Opinión

DF, qué bonita vecindad

Agradezco a Gil Gamés (no, por supuesto) el haber despertado en mi memoria tan lamentable recuerdo como es la canción del Chavo del Ocho que Gil citaba ayer en su columna. “Qué bonita vecindad…”, etcétera. Pero, sin proponérselo Gil, ¿o fue Gamés?, el pegajoso estribillo me pareció insuperable como postal para describir al gobierno del Distrito Federal de Miguel Ángel Mancera.

En esta bonita vecindad (igual de bonita que las acartonadas escenografías de Chespirito), pasan cosas que serían propias de obra chunga si no constituyeran una precisa radiografía de las fallas de nuestro sistema de justicia y derechos. Va una enumeración, obvia de tanto repetirse en la realidad pero creo que necesaria e ilustrativa:
Primer acto (que se escenifica demasiadas veces): miles marchan, hasta la madre por la atrocidad ocurrida en Iguala pero en paz y en orden. El GDF permite desmanes de unos cuantos, que ora intentan quemar la puerta Mariana, que ora agreden a policías y Estado Mayor, que ora destrozan tiendas y bancos. Frustración de los pacíficos que marcharon, impotencia de todos por la permisividad y falta de protocolos policiales.

Segundo acto (que se escenifica demasiadas veces): al final de los desmanes, las policías salen a buscar no quién la hizo sino quién la pague. Golpean, insultan, agreden y detienen sin ton ni son.

Tercer acto: el jefe de la policía capitalina felicita a sus prepotentes muchachos –“le guste a quien le guste”, declaró el doctor Jesús Rodríguez Almeida– que la emprendieron en contra de familias, mujeres, personas de la tercera edad y otros ciudadanos cuya responsabilidad en hechos violentos, en demasiados casos, no fue por supuesto demostrada de ninguna manera.

Cuarto acto: sorpresivamente –oh sí, en esta bonita vecindad hay giros inesperados– a una de las personas a las que “le gusta” el desempeño de los policías es a… la ombudsman capitalina. Perla (qué afortunado nombre para la ocasión) Gómez dijo sobre la marcha del 20 de noviembre que la actuación de los azules capitalinos “ha ido mejorando” (Reforma, 22/11/14). Ya luego –y al tiempo de que los detenidos ese mismo día, los famosos Once del #20Nov, eran enviados a penales de alta seguridad acusados de homicidio– doña Perla reculó, corrigió, e incluso quiso regañar a Rodríguez Almeida por su bravata. Así son las óperas bufas. Lo que no ha de haber estado tan chistoso ha de haber sido la regañiza de Héctor Serrano, secretario de Gobierno, a la titular de la CDHDF, pero en privado, como cuando Don Ramón la emprendía con La Chilindrina.

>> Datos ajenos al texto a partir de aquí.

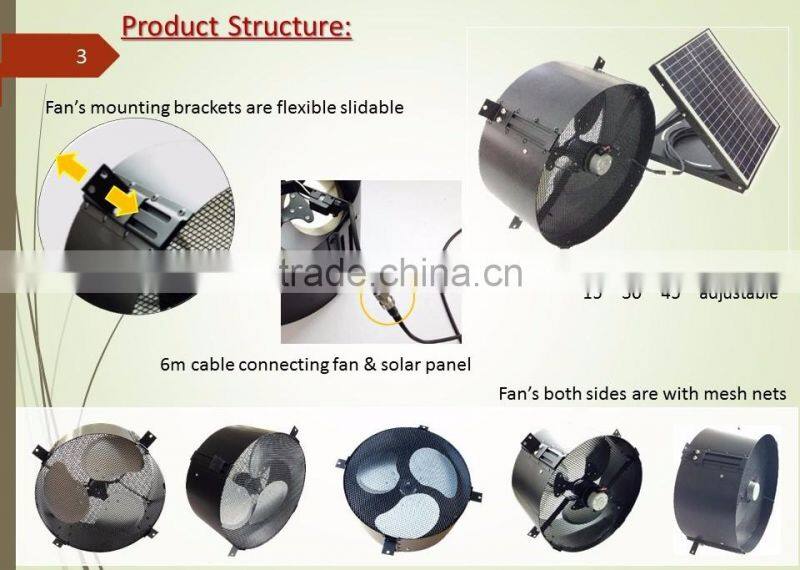 * the fan's mounting brackets are slideable & the solar panel's angle is adjustable 0°, 15°, 30°, 45°

Y ya no los aburro, quinto y último acto: ante los reclamos y denuncias de diferentes colectivos y ciudadanos (en las redes sociales y en muy pocos medios), la autoridad asegura que los que tiene tras las rejas sí son malos de malolandia, dignos de Siberia o de los sótanos de la Procu capitalina que va que vuela para parecerse a la de la señora Adato (los que entonces veían a Chespirito también leían sobre los muertos del 85 hallados en la Procu). Señora Adato que, por cierto, hace dos semanas fue homenajeada por la Secretaría de Gobernación, pero quién no recuerda que en la bonita vecindad ocurría que personajes que parecían olvidados de repente entraban en escena.

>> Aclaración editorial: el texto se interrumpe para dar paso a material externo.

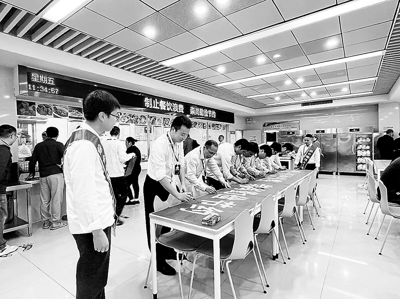 近日,龍安熱電公司綜合管理黨支部在公司員工食堂組織開展“制止餐飲浪費崇尚勤儉節約”主題黨日活動承諾簽字儀式,向全體員工發出倡議,號召大家行動起來,節約糧食,反對舌尖上的浪費。 (蘇明照 攝)

Total. Que en la bonita vecindad del Distrito Federal tenemos a policías que no pueden detener ni contener a violentos mientras hacen destrozos, a inocentes detenidos o golpeados por la policía, a un confeso de actos violentos como es Sandino (qué pena llevar tan mal ese nombre) Bucio en libertad, a policías federales que detienen a Sandino (qué pena…) con gorilescas formas que hubieran enorgullecido a Pinochet, a los perredistas mudos ante los atropellos de unos (los violentos) y de otros (los policías), a un Héctor Serrano que como dice una cosa dice la otra, a un jefe de Gobierno disminuido, disminuido, disminuido (¿tomó Chiquitolina?), y a una ciudadanía que preferiría cantar con Chava Flores sobre el jolgorio que es la capital, pero que por hoy se tiene que conformar con un churrazo lleno de sketchs propios de la lamentable bonita vecindad.

¡Uy!, ¿a dónde habrá quedado la capital que se creía de primer mundo?